Марк Алданов - Чертов мост (сборник)
– Да у него не разберешь, – ответил, усмехаясь, Воронцов. – Это субъект не слишком откровенный: «язык, – говорит он, – дан человеку для того, чтобы скрывать мысли». По-видимому, епископ находит, что его час еще не пришел. На известный вопрос: «Que faire?», заданный госпожой Сталь, он ответил: «Attendre et dormir, si l’on peut…» [87] В сущности, его новая тактика заключается в отсутствии всякой тактики: ждать терпеливо, возможно меньше себя компрометируя, – вот и все… Кажется, он рассчитывает, что якобинцы сами перережут друг друга. Но может быть, я и ошибаюсь: кто знает, что думает в действительности епископ Отенский?.. Должен вам сказать, я изложил лишь в самых общих чертах эмигрантские идеи и течения. И среди сторонников новой тактики, и среди сторонников старой существует немало подразделений: взгляды Лалли-Тлендаля, идеи Малле дю Пана, – вообще у многих эмигрантов есть единственный верный секрет спасения Франции. Идейный разброд полный, поистине странное зрелище: все они переругались, перессорились, все друг друга в чем-то обвиняют, ненавидят друг друга едва ли не больше. чем якобинцев, и, разумеется, все выражают истинную волю Франции.
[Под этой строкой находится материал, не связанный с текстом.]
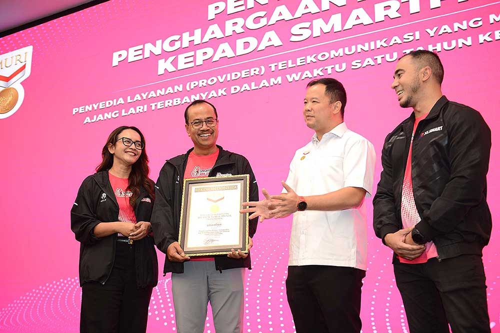 SMARTFREN berhasil mencatatkan rekor nasional sebagai “Penyedia Layanan Telekomunikasi yang Menyelenggarakan Ajang Lari Terbanyak dalam Waktu Satu Tahun” melalui program Smartfren Fun Run 2025. Dalam kurun satu tahun, Smartfren sukses menggelar rangkaian kegiatan fun run di 22 kota di seluruh Indonesia, menjangkau lebih dari 15 ribu peserta dari berbagai usia dan latar belakang. Penyerahan penghargaan dilakukan di kantor XLSMART Tower, Jakarta oleh Wakil Direktur Utama MURI, Osman Semesta Susilo dan diterima oleh Chief Marketing Officer SMARTFREN XLSMART, Sukaca Purwokardjono. Senin (3/11).Foto/RoniMawardi/BUMNTRACK

А еще большой вопрос, есть ли у Франции в настоящее время истинная воля? – Я как-то сказал все это епископу Отенскому, – он засмеялся и назвал меня умным человеком… Теперь вдобавок, после поражения герцога Брауншвейгского, появилось еще новое эмигрантское течение. Оно призывает к возвращению во Францию и к совместной работе с якобинцами. Но об этих господах и говорить не стоит, – сказал с презрением Воронцов. – Я не люблю ни эмигрантов, ни якобинцев; но кающиеся эмигранты, как и кающиеся якобинцы (скоро появятся и такие), внушают мне совершенное отвращение… Вполне допускаю, что эти господа и подкуплены, – якобинцы тратят большие деньги на развращение эмиграции.
– Какой же ваш собственный взгляд на положение вещей во Франции? – спросил Штааль, мысленно составляя план блестящего доклада императрице.
– У меня нет определенного мнения, – ответил нехотя Воронцов. – Скорее всего, прав епископ Отенский: надо ждать, ничего другого не остается. Только мне, русскому, легко так рассуждать. А он – француз; у него в Париже режут друзей и родных… Вот тут и говори: «Attendre et dormir». У этого умнейшего человека течет в жилах не кровь, а холодная вода… Во всяком случае, я не очень стою за нашу интервенцию: нам во французские дела вмешиваться не следовало бы… Сами никогда не просили и не будем просить о чужом вмешательстве, ну и в чужие дела вы тоже не должны соваться. Я так и пишу императрице… Любопытно, что в вопросе об интервенции эмигранты возлагают теперь большие надежды на Англию, – но вместе с тем не верят ей ни на грош. Граф Водрейль прямо утверждает, что Англии выгодна французская революция и что Питт умышленно поддерживает якобинский развал. Это довольно распространенное мнение верно лишь отчасти: разумеется, Питт чрезвычайно хотел бы надолго и прочно ослабить Францию; но, с другой стороны, он сильно побаивается якобинской заразы. Надо вам сказать, что английское общество до войны очень благосклонно относилось к французской революции, несмотря на огромное впечатление, произведенное книгой Берка «Reflexions on the Revolution in France» [88] . Ни о какой войне с Францией не могло быть речи, вы еще и теперь найдете на заборах старые плакаты: «No war with French!» [89] Однако после казни короля настроение англичан сильно изменилось; боязнь заразы теперь очень сильна. Сам Питт ничего умного пока не придумал.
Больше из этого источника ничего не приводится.